Motorola has since introduced a newer family of DSPs: the DSP56300 series. Many of the problems in the earlier DSP56K family were fixed in this series. This chip has genuine single-cycle operations, as well as a barrel shifter, but there is still no pipelined jump.
The SHARC
The ADSP-21065 (also known as the SHARC), was introduced several years ago by Analog Devices, and immediately became very popular for a number of applications including
instrumentation, motion control, and audio processing. Its architecture is attractive in that it boasts four data buses and single-cycle operation that includes two data fetches, one program fetch, and an I/O access. It provides for both integer and floating-point arithmetic, with 32 bits for the integer and 32 and 40 bits for the floating-point. It also has a pipelined branch, a large amount of configurable on-board (dual-port) RAM, serial support for popular A/D and D/As, a number of DMA channels, and
multiprocessor support. When this chip was released, it was expensive. Since then, a number of versions of the DSP have been introduced that are quite affordable.
This processor seems to have been designed to facilitate transform type processing used in scientific and multimedia applications.

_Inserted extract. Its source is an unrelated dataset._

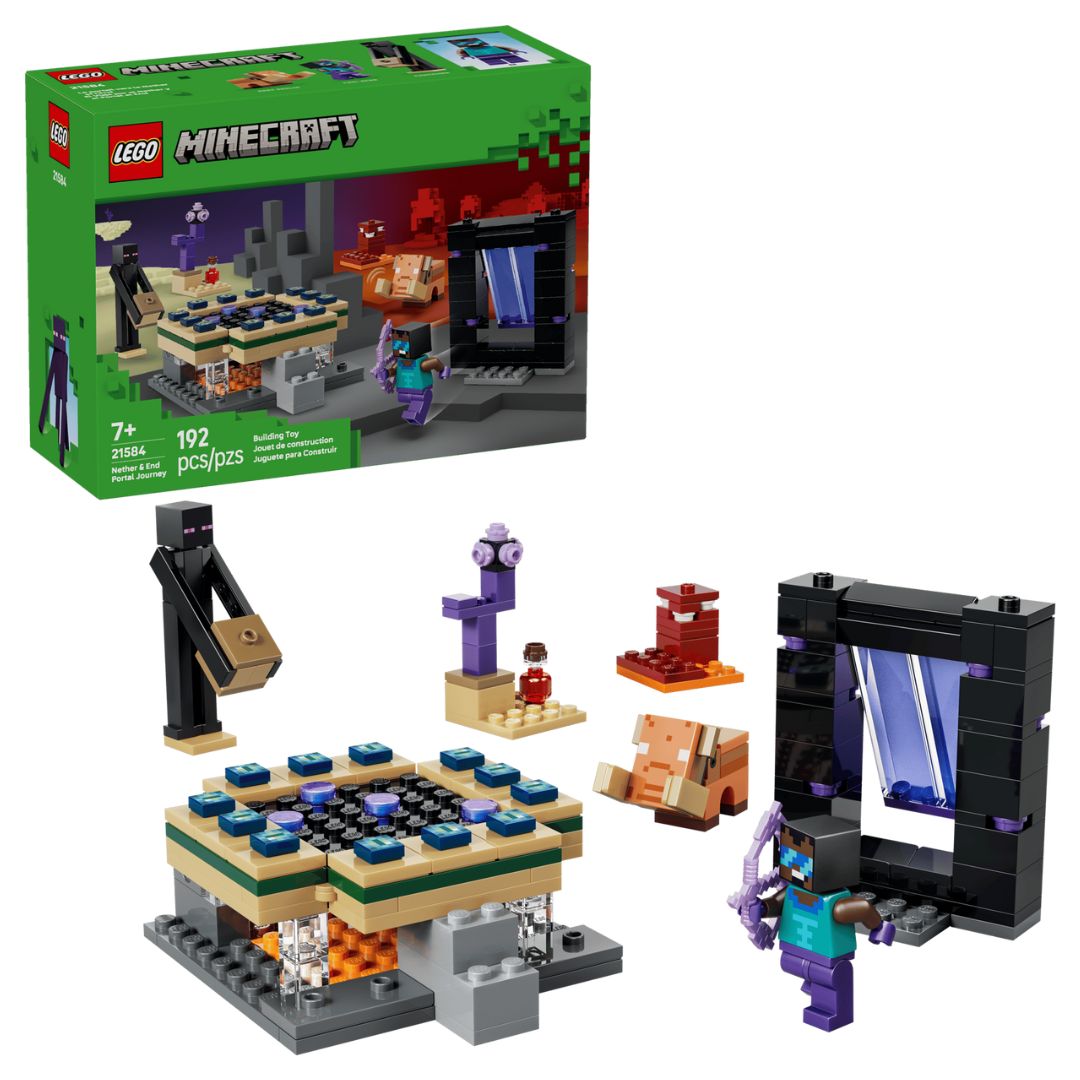 Transport Minecraft® players to a hands-on gaming adventure with the Nether & End Portal Journey (21584) gaming toy for boys and girls 7 years old and up. Pass through the portals to explore a build from each biome and embark on adventures with a Cool Hero minifigure, plus Enderman and a baby hoglin figures. This LEGO® Minecraft playset features an End portal and a Nether portal with functions to access small builds for each biome. Authentic accessories, including an enchanted bow and healing potion, inspire endless creative adventures with familiar scenes and Minecraft characters. This set makes a great gamer gift for Minecraft players, LEGO builders and fans of gaming decor. And, with the LEGO Builder app, kids can build with confidence– zoom, rotate in 3D and track progress with easy-to-follow digital instructions. Set contains 192 pieces.

Some instructions even incorporate features used in the butterfly additions and subtractions that are part of these transforms.

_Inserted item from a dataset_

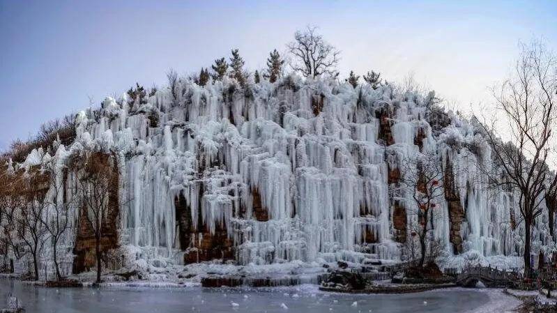 迎宾大瀑布定格成一幅令人遐想的天然艺术冰雕,冰瀑造型各异,晶莹剔透,尽展浩瀚之气魄。
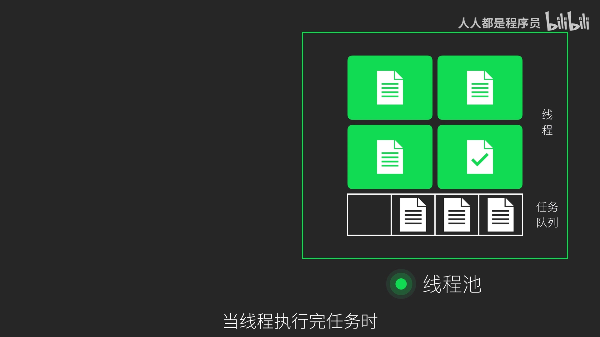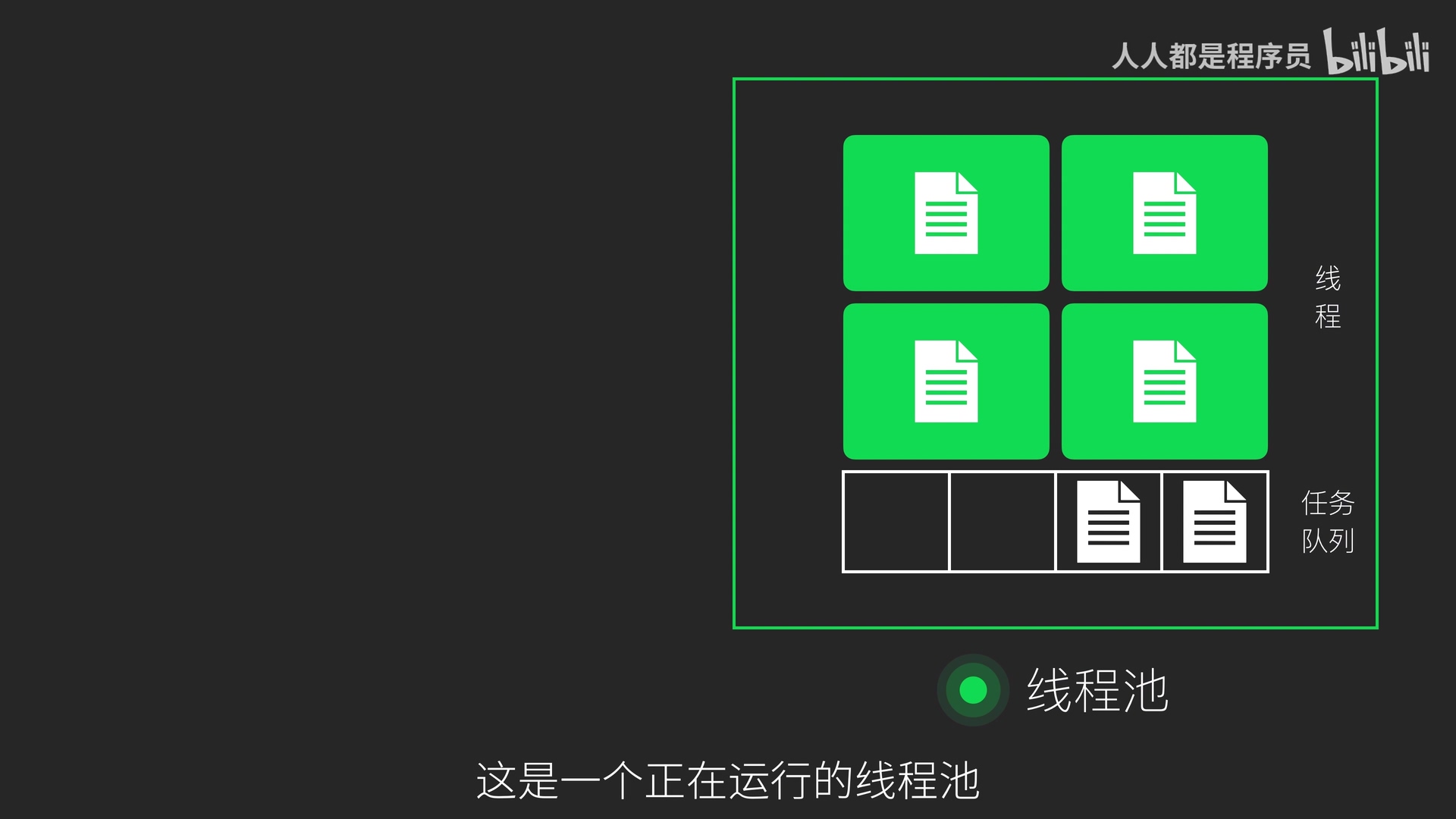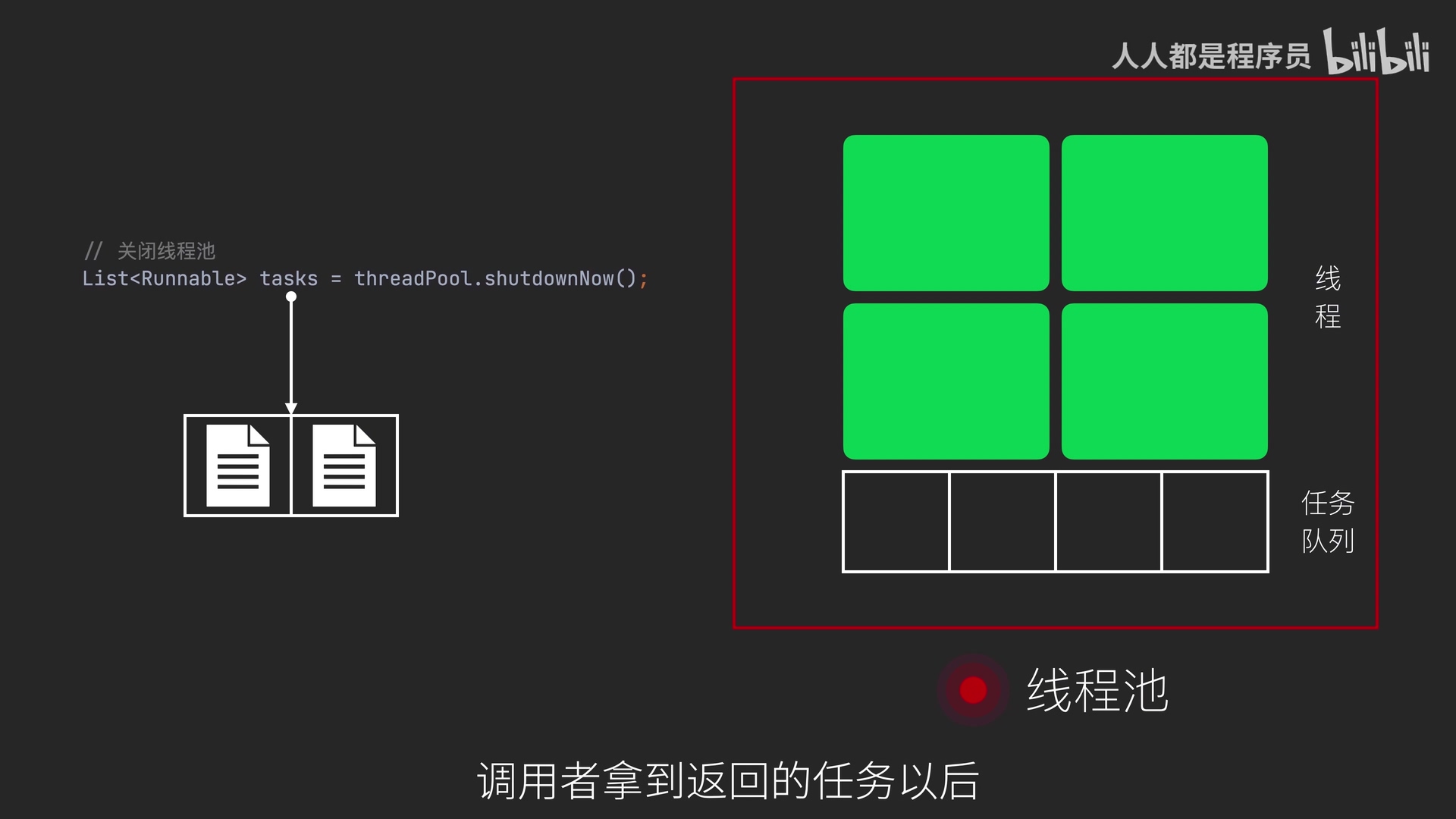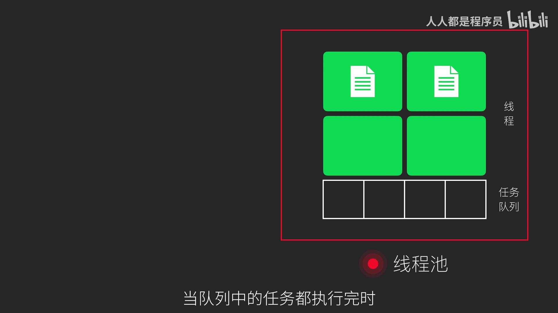 线程池在其生命周期中会经历多种状态,这些状态被定义在threadPoolExecutor中,一共有5种。这些状态所对应的描述如图所示,下面几小节将介绍这些状态。首先来看第一个状态,running,他表示线程池正在运行,可以接受新任务,并且也能处理任务队列中的任务,下面动画演示running状态,这是一个正在运行的线程池。其中有4个正在执行任务的线程,任务队列中还有2个未执行的任务,队列还有空位,我们可以继续向线程池中提交新任务,如果池中没有空闲的线程,那么新任务将会被放入任务队列中,当线程执行完任务时,他们会从任务对应中获取任务,继续执行,直到所有任务全部执行完毕,看完running状态,再来看下一个状态。 shoudown表示线程值准备关闭,不接受新任务,但可以处理任务队列中的任务。下面动画演示shoudown状态,这是一个正在运行的线程池,当我们调用shoudown方法时,现成池的状态就由running变为shoudown,所有提交的任务都会被拒绝,但是池中正在执行的任务依然会继续执行完,这也包括任务队列中还未执行的任务,当队列中的任务都执行完时,线程池状态会由shoudown变为tidying。看完shoudown状态,再来看下一个状态,stop。他表示线程池准备关闭,不接受新任务,也不处理任务对接中的任务,还中断正在执行任务的线程。下面动画演示 stop状态,这是一个正在运行的线程池,当我们调用shoudown方法时,线程池状态由running变为stop,所有提交的先入一律都会被拒绝,而且池中所有正在执行的任务都会被终止。 不仅如此,任务队列中的任务还会返回给调用者,调用者拿到返回的任务以后可以继续执行完,他们现在可以看到线程池变为了一座空线程,下一步就是将这座空城清理掉,shoudown与stop都是在为关闭线程池做准备工作,下一个状态tidying则是线程池正在关闭的状态,此时所有任务已终止,线程池中的线程数量为0。下面动画演示tidying状态,当所有任务都已终止,且时钟工作建成数量也为零时,状态由shoudown或stop变为tidying,此刻的状态表示收尾工作已完成。再来看看最后一个状态,termineted的。他表示线程池彻底关闭,下面动画演示termineted的状态,在收尾工作完成以后,最后调用 termineted的方法彻底将限线程关闭。 至此我们看到了线程池每个状态的变化过程,限制池生命周期也可以画出来了,线程池最初的状态是running,此时线程池正在运行,调用shoudown方法以后状态由running变为shoudown,此时线程值准备关闭,让线程池由正在运行变为准备关闭。还有一种方式,那就是调用shoudownnow方法,状态由running变为stop,在准备工作做完以后就可以开始清理工作了,状态由shoudown变为tidying,需要任务队列为空,工作线程数量为0,也就是要执行完其中所有任务,包括任务队列中的任务状态,由stop变为tidying,只需工作线程数量为0,任务队列中的任务已经返回给调用者了,不需要清空任务队列,最后就用 termineted方法即可让状态由tidying变为termineted,此时的线程池已经彻底完毕。 最后总结一下本节内容,本节介绍了线程池状态及生命周期各状态代表的意思,这里就不再赘述了。另外线程池生命周期如图所示,大家如果有需要的话可以截屏保存下来,这些内容在面试中经常会被问到。

Recently, Analog Devices announced that it would be coming out with another addition to
the SHARC family, the ADSP-21160. This new part is substantially the same as the ADSP-21065, with the addition of a parallel and identical processing unit incorporating a shifter, ALU, and multiplier. Unlike a fully parallel processing device, the ADSP-21160 is not a dual pipeline part. The second unit is only used in SIMD mode, which is enabled by setting a bit in a control register.
In SIMD mode, most of the instructions will act on both processing units instead of just one. With a 100MHz clock, this
chip is capable of performing an FFT in 90µs. Each tap of an FIR filter will take 5ns and an IIR Biquad will take 20ns.
The TMS320C6000 series
Texas Instruments probably has the longest history in the DSP business. Since the early 1980s, they have produced a series of parts that covers almost any application.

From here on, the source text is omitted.